*** Data for this exercise ***

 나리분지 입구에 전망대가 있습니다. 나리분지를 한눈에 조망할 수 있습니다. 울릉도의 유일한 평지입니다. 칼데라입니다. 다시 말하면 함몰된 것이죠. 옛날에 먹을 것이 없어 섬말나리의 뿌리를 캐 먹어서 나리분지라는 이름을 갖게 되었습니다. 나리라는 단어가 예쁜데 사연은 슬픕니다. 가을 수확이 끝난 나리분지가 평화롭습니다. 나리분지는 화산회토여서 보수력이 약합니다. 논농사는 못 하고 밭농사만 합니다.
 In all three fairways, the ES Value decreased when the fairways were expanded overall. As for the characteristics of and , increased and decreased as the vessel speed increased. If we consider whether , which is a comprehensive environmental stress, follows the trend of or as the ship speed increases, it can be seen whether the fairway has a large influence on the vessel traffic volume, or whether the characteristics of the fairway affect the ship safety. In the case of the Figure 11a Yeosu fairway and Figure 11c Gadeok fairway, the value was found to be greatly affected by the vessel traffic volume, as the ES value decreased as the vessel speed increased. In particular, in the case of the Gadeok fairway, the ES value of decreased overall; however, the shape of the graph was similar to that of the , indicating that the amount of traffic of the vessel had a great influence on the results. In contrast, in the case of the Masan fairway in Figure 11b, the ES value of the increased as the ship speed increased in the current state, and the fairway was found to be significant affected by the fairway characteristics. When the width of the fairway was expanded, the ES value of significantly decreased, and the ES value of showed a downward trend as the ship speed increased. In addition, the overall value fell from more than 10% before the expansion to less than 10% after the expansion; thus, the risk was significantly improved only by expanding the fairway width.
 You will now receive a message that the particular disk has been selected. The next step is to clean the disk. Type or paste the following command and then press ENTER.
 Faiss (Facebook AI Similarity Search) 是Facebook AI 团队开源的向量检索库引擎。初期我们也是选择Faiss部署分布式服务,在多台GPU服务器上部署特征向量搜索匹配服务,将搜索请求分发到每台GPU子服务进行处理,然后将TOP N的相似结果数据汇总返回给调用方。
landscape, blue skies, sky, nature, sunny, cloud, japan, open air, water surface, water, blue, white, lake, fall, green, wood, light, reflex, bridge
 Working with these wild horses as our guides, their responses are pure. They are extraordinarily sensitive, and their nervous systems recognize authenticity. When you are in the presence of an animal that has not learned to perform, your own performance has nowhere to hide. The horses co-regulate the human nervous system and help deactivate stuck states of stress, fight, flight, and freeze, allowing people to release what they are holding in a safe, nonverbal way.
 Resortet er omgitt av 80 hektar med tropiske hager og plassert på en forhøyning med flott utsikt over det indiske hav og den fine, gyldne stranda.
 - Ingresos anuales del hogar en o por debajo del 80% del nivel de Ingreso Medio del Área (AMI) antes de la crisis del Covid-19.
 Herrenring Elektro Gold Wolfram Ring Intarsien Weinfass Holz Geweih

***

Exercise details: With the line containing "Working with these" as the first and the last line of the records as the final one, print exactly the lines in that span.

Task solution:
 Working with these wild horses as our guides, their responses are pure. They are extraordinarily sensitive, and their nervous systems recognize authenticity. When you are in the presence of an animal that has not learned to perform, your own performance has nowhere to hide. The horses co-regulate the human nervous system and help deactivate stuck states of stress, fight, flight, and freeze, allowing people to release what they are holding in a safe, nonverbal way.
 Resortet er omgitt av 80 hektar med tropiske hager og plassert på en forhøyning med flott utsikt over det indiske hav og den fine, gyldne stranda.
 - Ingresos anuales del hogar en o por debajo del 80% del nivel de Ingreso Medio del Área (AMI) antes de la crisis del Covid-19.
 Herrenring Elektro Gold Wolfram Ring Intarsien Weinfass Holz Geweih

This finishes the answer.